Raw data START

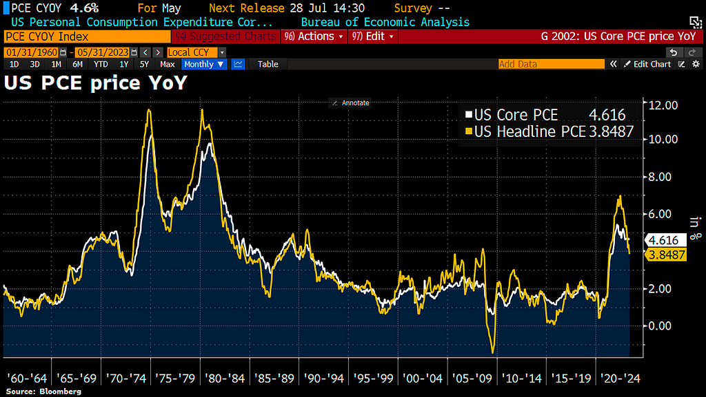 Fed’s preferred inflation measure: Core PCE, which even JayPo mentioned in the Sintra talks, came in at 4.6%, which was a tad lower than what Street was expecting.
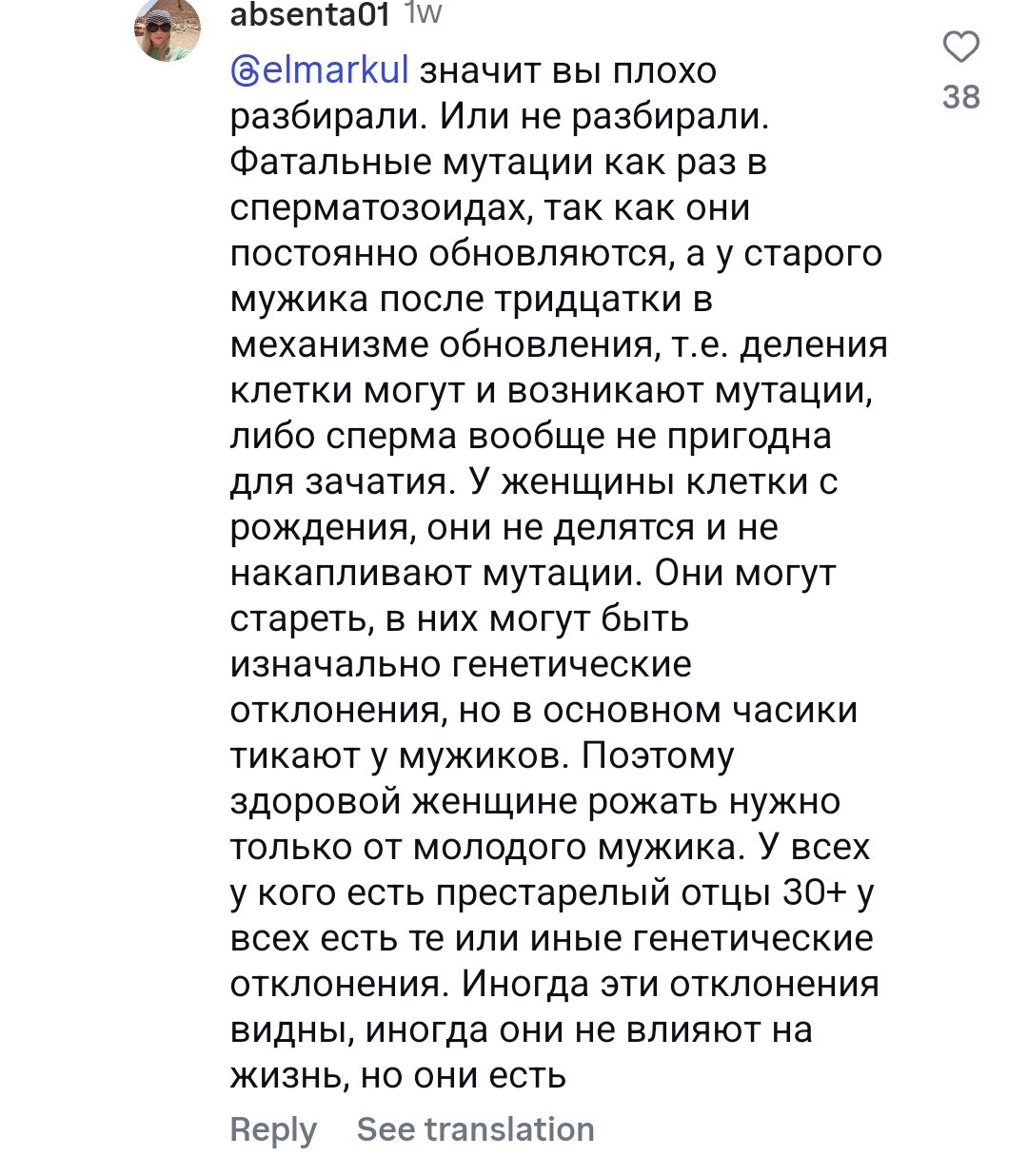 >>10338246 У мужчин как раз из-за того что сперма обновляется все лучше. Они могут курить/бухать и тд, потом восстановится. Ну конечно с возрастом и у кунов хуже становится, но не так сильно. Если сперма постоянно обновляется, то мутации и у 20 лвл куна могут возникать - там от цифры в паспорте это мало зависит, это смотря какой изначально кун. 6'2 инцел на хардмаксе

Raw data END
Raw data START

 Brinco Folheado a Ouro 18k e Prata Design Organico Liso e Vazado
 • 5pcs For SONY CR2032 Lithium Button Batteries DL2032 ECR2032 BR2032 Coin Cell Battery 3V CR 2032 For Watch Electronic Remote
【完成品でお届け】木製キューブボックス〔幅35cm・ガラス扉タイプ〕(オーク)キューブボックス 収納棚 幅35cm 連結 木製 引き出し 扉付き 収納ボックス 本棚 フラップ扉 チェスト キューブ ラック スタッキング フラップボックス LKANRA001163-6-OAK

Raw data END
Raw data START

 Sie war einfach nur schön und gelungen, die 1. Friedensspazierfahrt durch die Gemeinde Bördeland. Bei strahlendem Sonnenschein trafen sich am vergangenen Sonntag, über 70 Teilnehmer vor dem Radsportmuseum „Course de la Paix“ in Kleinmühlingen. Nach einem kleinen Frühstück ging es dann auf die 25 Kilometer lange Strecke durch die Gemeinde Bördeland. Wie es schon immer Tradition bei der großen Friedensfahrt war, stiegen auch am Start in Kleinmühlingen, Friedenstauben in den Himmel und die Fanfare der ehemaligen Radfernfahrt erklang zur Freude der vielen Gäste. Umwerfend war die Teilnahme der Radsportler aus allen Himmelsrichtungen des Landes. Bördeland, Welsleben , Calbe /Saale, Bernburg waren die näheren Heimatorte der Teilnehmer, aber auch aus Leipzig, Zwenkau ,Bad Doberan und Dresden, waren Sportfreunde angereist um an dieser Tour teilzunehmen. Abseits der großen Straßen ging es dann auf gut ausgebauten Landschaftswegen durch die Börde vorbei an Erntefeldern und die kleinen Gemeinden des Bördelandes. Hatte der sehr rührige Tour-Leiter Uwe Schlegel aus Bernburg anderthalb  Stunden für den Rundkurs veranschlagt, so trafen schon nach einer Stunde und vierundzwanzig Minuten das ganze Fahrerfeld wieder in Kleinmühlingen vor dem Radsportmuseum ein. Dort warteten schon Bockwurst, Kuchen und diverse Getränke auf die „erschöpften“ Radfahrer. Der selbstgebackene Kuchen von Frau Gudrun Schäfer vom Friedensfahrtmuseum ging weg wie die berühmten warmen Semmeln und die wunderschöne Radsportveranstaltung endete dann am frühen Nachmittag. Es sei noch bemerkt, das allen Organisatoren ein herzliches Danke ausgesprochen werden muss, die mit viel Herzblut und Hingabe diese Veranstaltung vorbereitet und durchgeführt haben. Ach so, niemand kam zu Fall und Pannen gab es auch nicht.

Raw data END

## Action item
Quote the data above from the line containing "Watch Electronic Remote" to the line containing "スタッキング フラップボックス LKANRA001163-6-OAK", inclusive, and stop.

## Result for this exercise
 • 5pcs For SONY CR2032 Lithium Button Batteries DL2032 ECR2032 BR2032 Coin Cell Battery 3V CR 2032 For Watch Electronic Remote
【完成品でお届け】木製キューブボックス〔幅35cm・ガラス扉タイプ〕(オーク)キューブボックス 収納棚 幅35cm 連結 木製 引き出し 扉付き 収納ボックス 本棚 フラップ扉 チェスト キューブ ラック スタッキング フラップボックス LKANRA001163-6-OAK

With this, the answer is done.